NOVA YORK (Reuters) – Um aumento rápido no número de casos de coronavírus nos Estados Unidos e no exterior está alavancando os temores de uma ressurgência da pandemia e abalando o mercado financeiro, conforme a variante Delta, altamente contagiosa, toma conta do cenário e a vacinação patina em diversos Estados.

Por conta de surtos em partes dos EUA com baixas taxas de vacinação, o número de novos casos, hospitalizações e mortes por conta da Covid-19 tem aumentado nos últimos dias. 

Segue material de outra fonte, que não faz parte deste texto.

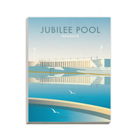 A stunning Greeting Card featuring the design of Jubilee Pool, Cornwall by talented artist, Dave Thompson. Thompson's art revisits a classic era of poster design, taking many elements of popular 1950's travel art, while remaining current and vibrant.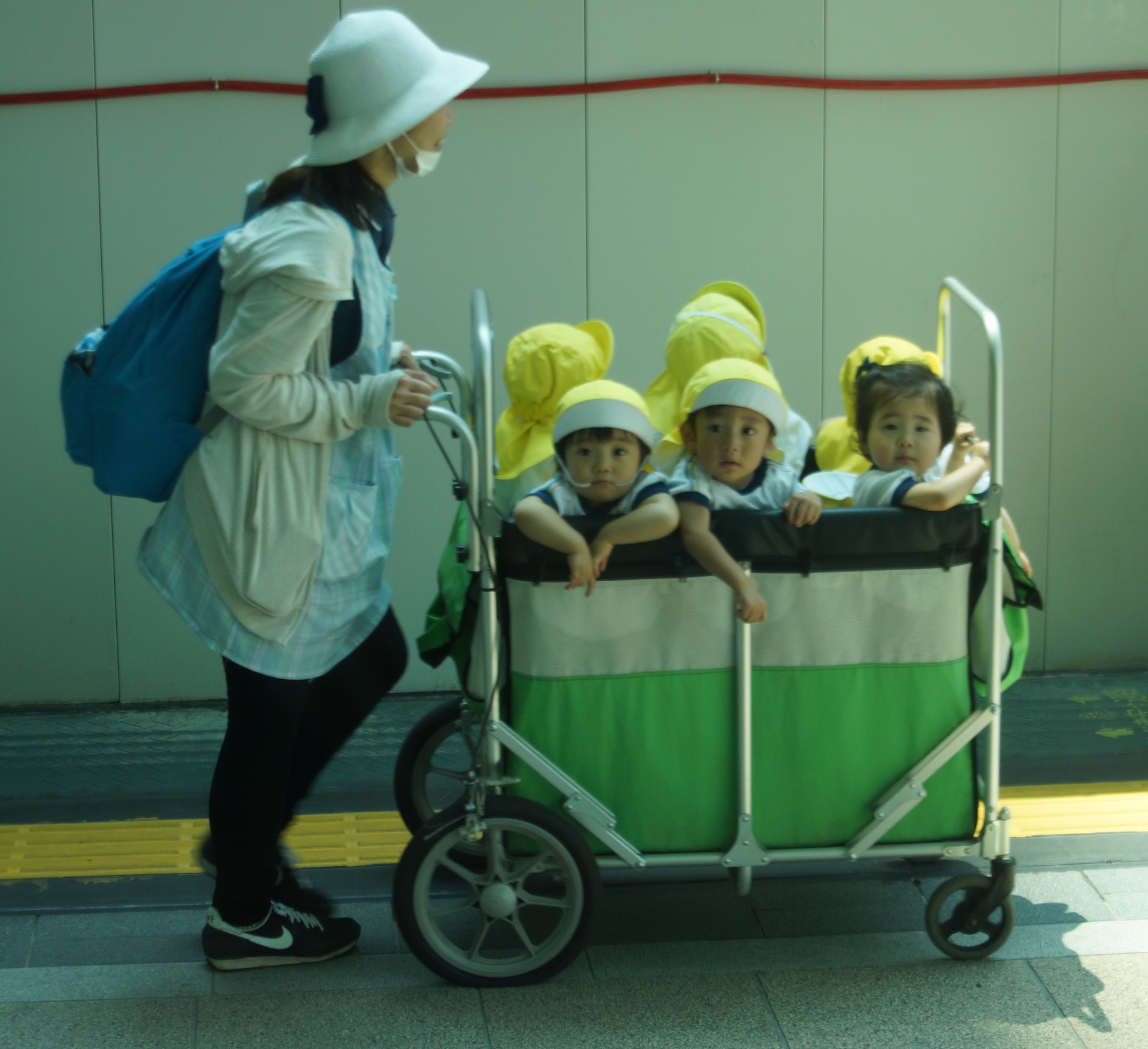Ainsi voit-on “masqués” baby sitters, chauffeurs de bus, écolières, badauds dans un parc, qui protègent les autres en se protégeant eux-mêmes. Ce qui est la situation actuelle dans de nombreux pays, autres que le Japon.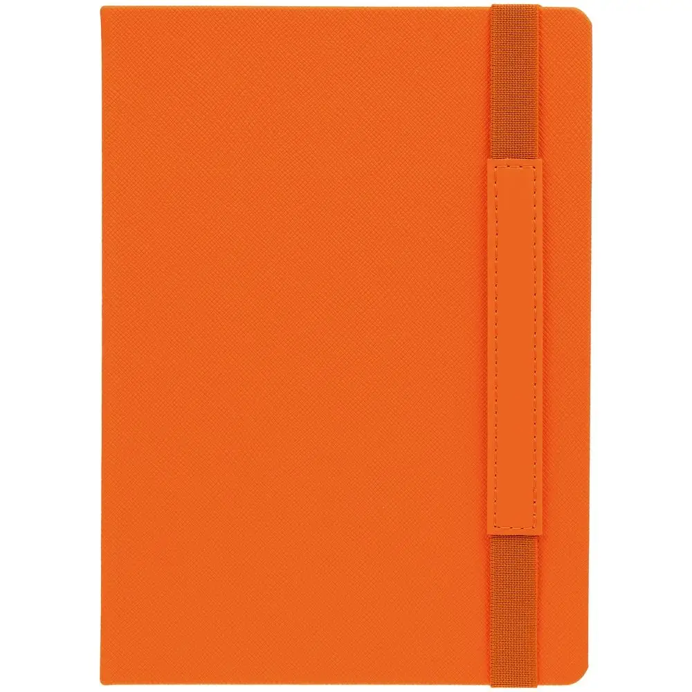 Ежедневник с твердой обложкой, выполнен из материала Nice Touch, оранжевый ОО, дополнен резинкой с лейблом из материала Soft Touch и ляссе в цвет обложки.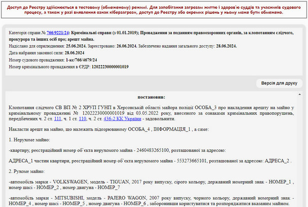 Суд арештував майно херсонця Віталія Казакевича, який публікував проросійські відео.Про це свідчить ухвала Херсонського міського суду з реєстру.Арештовані квартира і два автомобілі.За інформацією слідства, Казакевич у квітні 2022 року публікував відео з тезами про підтримку нападу Росії на Україну, виправдовування окупації територій України і закликами до участі в російському референдумі.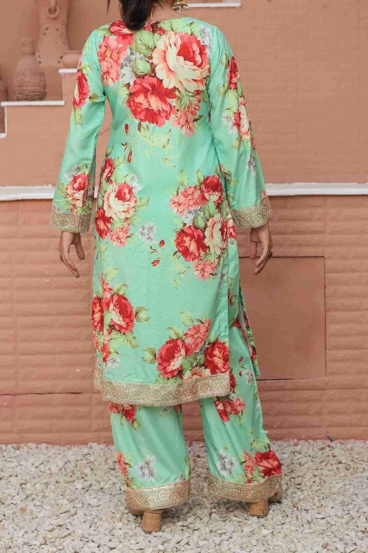 Step into elegance with the Mint Blossom Luxe suit, crafted from premium Russian Silk for a luxurious drape and buttery-soft comfort. Designed in refreshing mint tones, the outfit blooms with vibrant red and peach floral patterns, making it a statement piece for festive and semi-formal gatherings.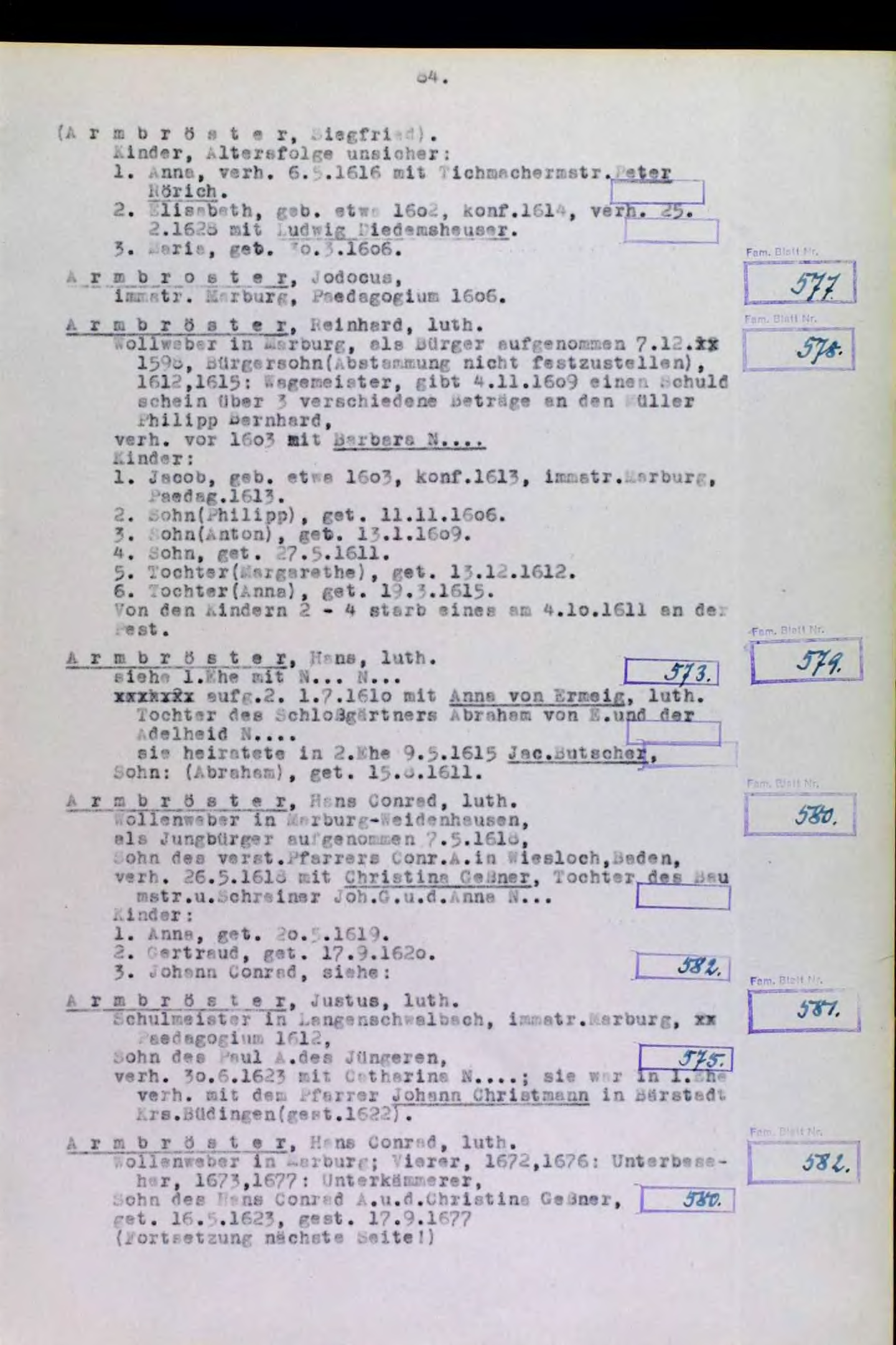| Seit Fertigstellung des Marburger Sippenbuches 1950-1966 sind zahlreiche Ergänzungen und auch notwendige Korrekturen bekannt geworden. Bitte beachten Sie daher unbedingt die Ergänzungen und Korrekturen zu dieser Seite. Wenn Sie selbst Ergänzungen vornehmen möchten, wenden Sie sich bitte an Benutzer:Ernestus. |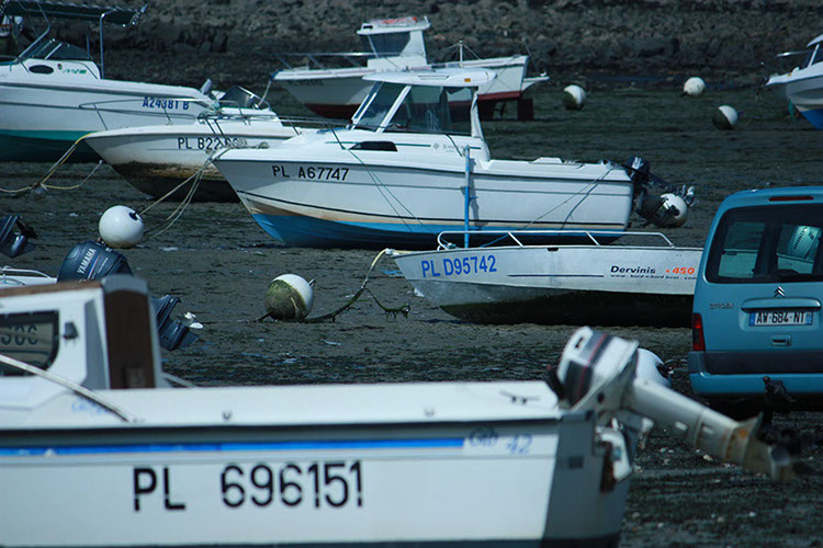 Les bateaux sont coincés au port le temps d'une oscillation de la mer. La plage brille de la marée qui meut la mer au fil des jours.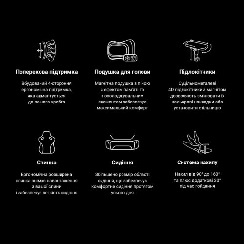 Нова складна внутрішня система підтримки попереку. Усередину та назовні, вгору та вниз, що контролюється 2 бічними ручками, які забезпечують потрібну кількість твердості або тиску на вашу спину в бажаній позі. Вбудована поперекова підтримка виглядає набагато природніше, оскільки вона виглядає як частина крісла, а не окрема подушка з ременем або її важко регулювати.
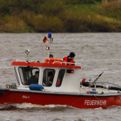 Am Freitagnachmittag alarmierte die Feuerwehr Geestacht die Lauenburger Wehr mit dem Mehrzweckboot Elbe 1 nach. Ursache war eine auf Grund gelaufene Barkasse vor dem Anleger in Grünhof-Tesperhude. Die Rettungsboote der Ortsansässigen Wehr konnte das schwere Boot nicht vom Hindernis im niedrigen Fahrwasser schleppen. Von Lauenburg aus machte sich eine Besatzung mit dem MZB sowie dem Rettungsboot auf den Weg nach Geesthacht. Mit einer Schleppleine wurde das havarierte Schiff mit dem Lauenburger Feuerwehr Boot verbunden. Das PS stärkere Arbeitsgerät schaffte es dann die alte Barkasse ins tiefere Wasser zu ziehen. – Aktuell sorgt die anhaltende Trockenheit für einen Niedrigstand der Elbe. Möglicherweise führte das zum auflaufen der Barkasse auf dem Hindernis unter Wasser.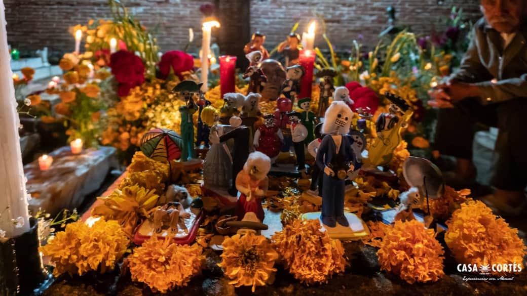 Altares y ofrendas: en cada casa y negocio encontrarás mesas decoradas con flores de cempasúchil, velas, copal, fotografías y platillos típicos como mole, pan de muerto y mezcal.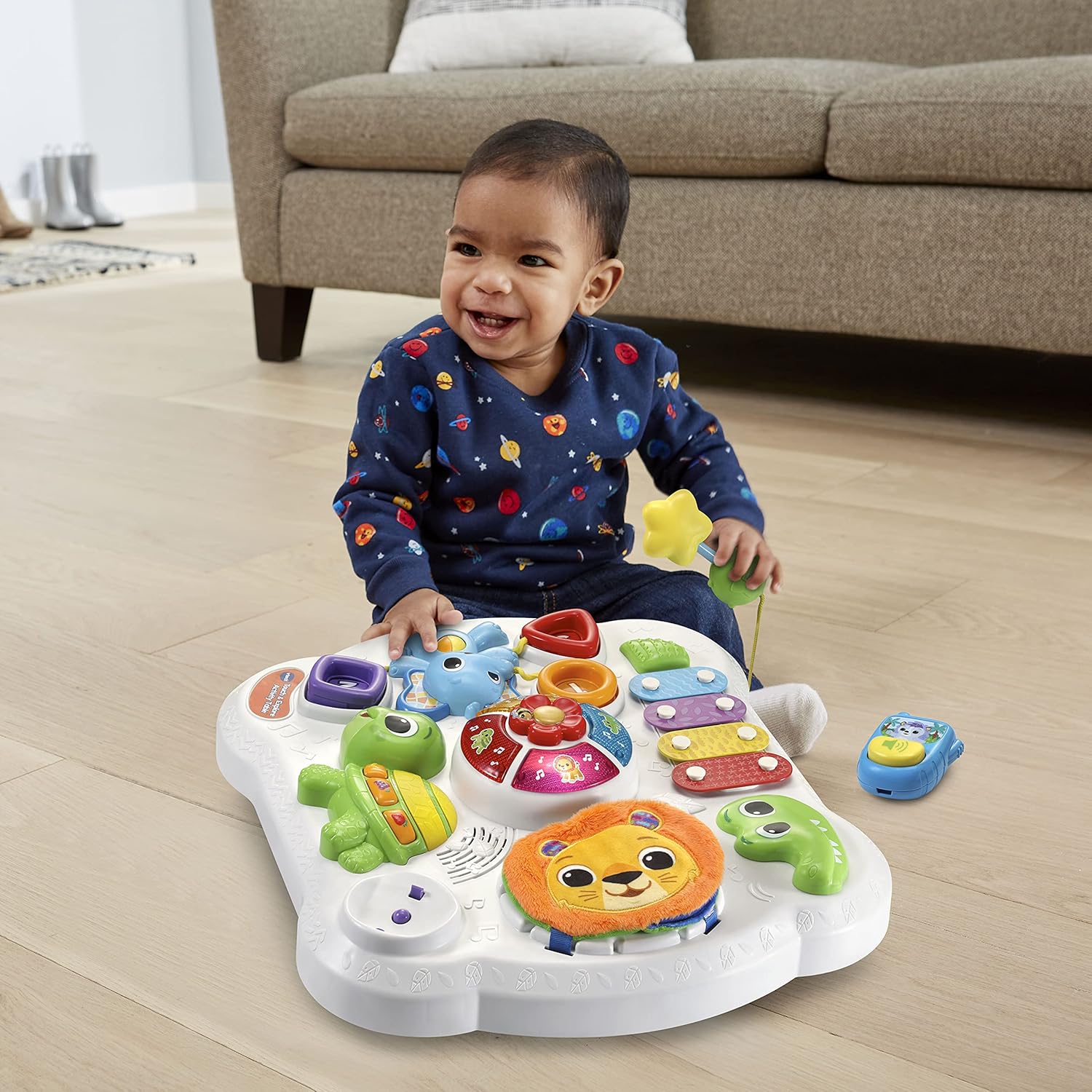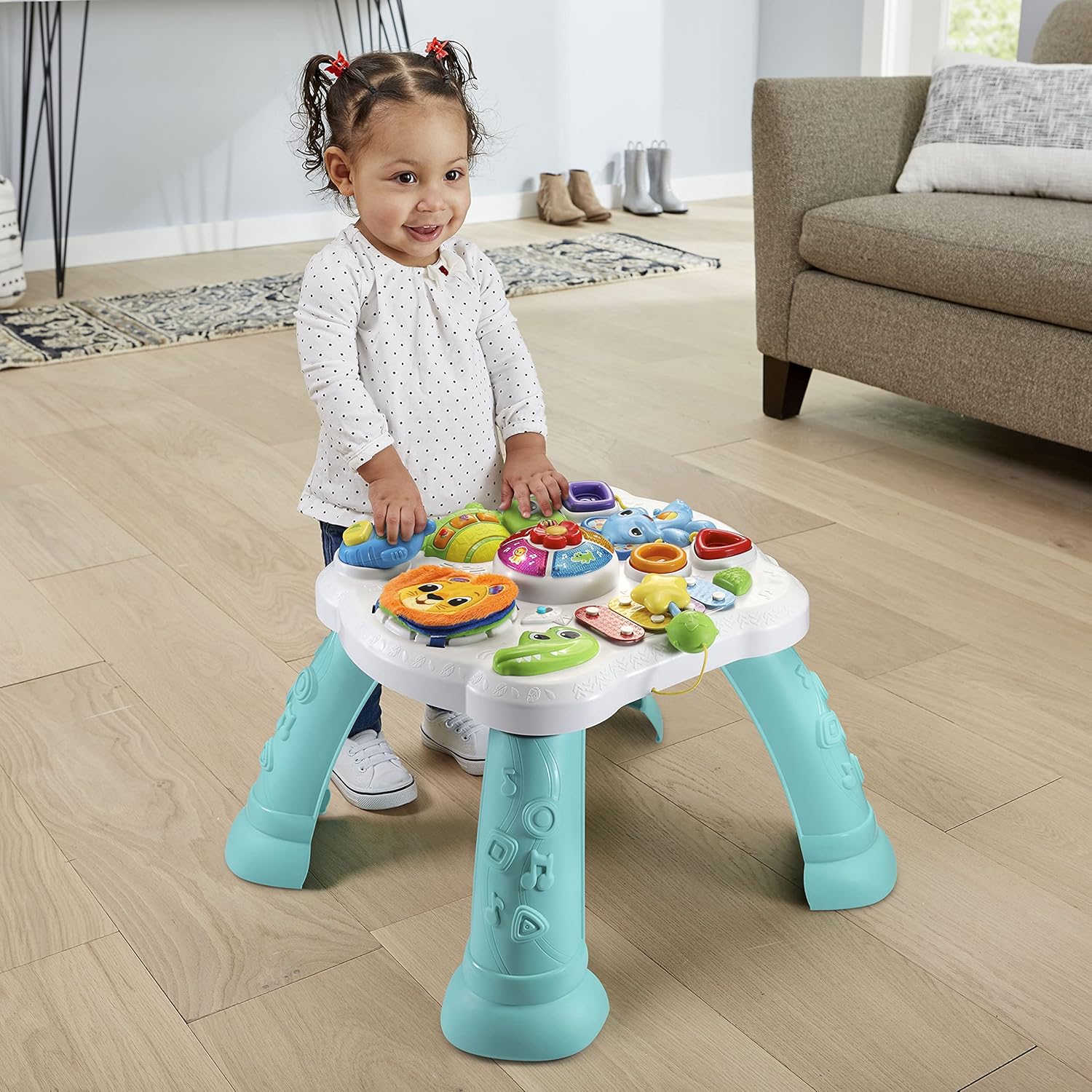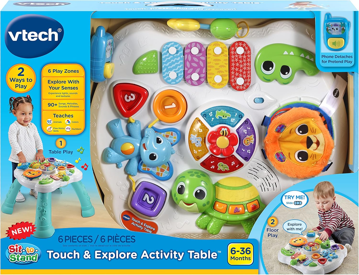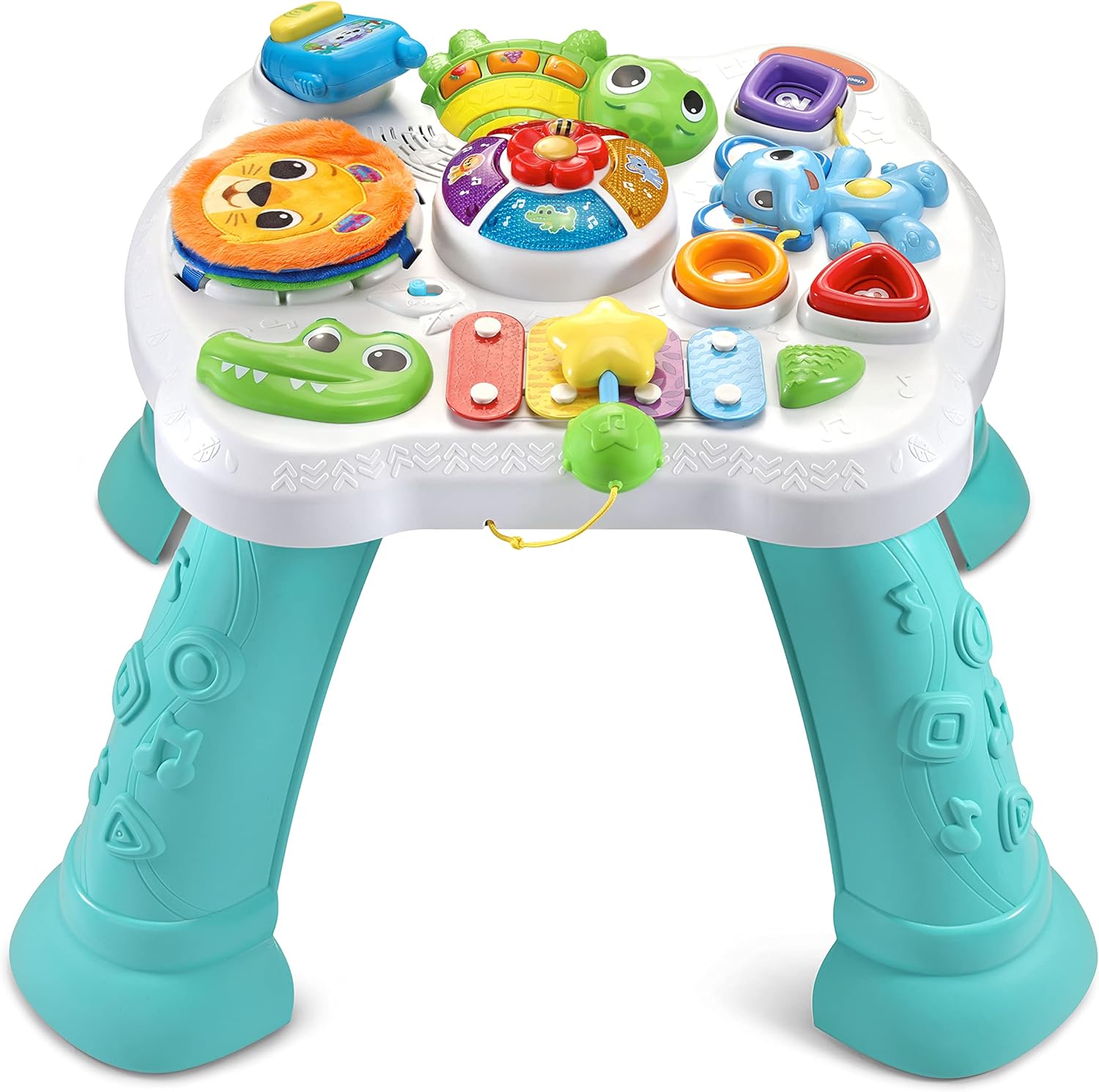 Discover six sensory play zones with the sit-to-stand Touch & Explore Activity Table™! Start with floor play, then switch to table play when your child can stand on their own. Activities on the interactive tabletop introduce kids to animals, colors and numbers with 90+ songs, melodies, sounds and phrases. Touch, press and spin to practice fine motor skills. An alligator xylophone helps inspire a love of music and includes an attached mallet. Spin the flower dial to the lion, elephant, turtle and alligator to hear animal fun facts, sounds and music. Stimulate your child’s sense of touch with the soft lion’s mane, bumpy-shelled turtle and the soft, crinkly pages of the fabric book. Three shape sorters help children learn to recognize circle, square and triangle shapes. A detachable play phone helps inspire imaginative play. It’s time to explore and so much more! Includes four removable table legs. Intended for ages 6–36 months. Requires 2 AA batteries. Batteries included for demo purposes only. New batteries recommended for regular use.

As vacinas funcionam contra a variante Delta, mas os testes laboratoriais mostram que elas são menos eficientes do que eram contra a forma original do coronavírus.

Estudos também mostraram que duas doses da vacina da Pfizer/BioNTech e da AstraZeneca são muito mais eficientes do que uma contra a infecção pelo vírus, evidenciando a importância da imunização completa.

Preocupações de que novas altas possam desestabilizar a recuperação econômica derrubaram o índice Dow Jones em mais de 2% nesta segunda-feira.

Em um discurso sobre a economia norte-americana, o presidente Joe Biden afirmou que a retomada depende do controle da pandemia. Biden afirmou que quatro Estados com baixas taxas de vacinação representaram 40% do total de casos na semana passada. 

“Então, por favor se vacinem”, disse Biden. “Tomem a vacina agora.”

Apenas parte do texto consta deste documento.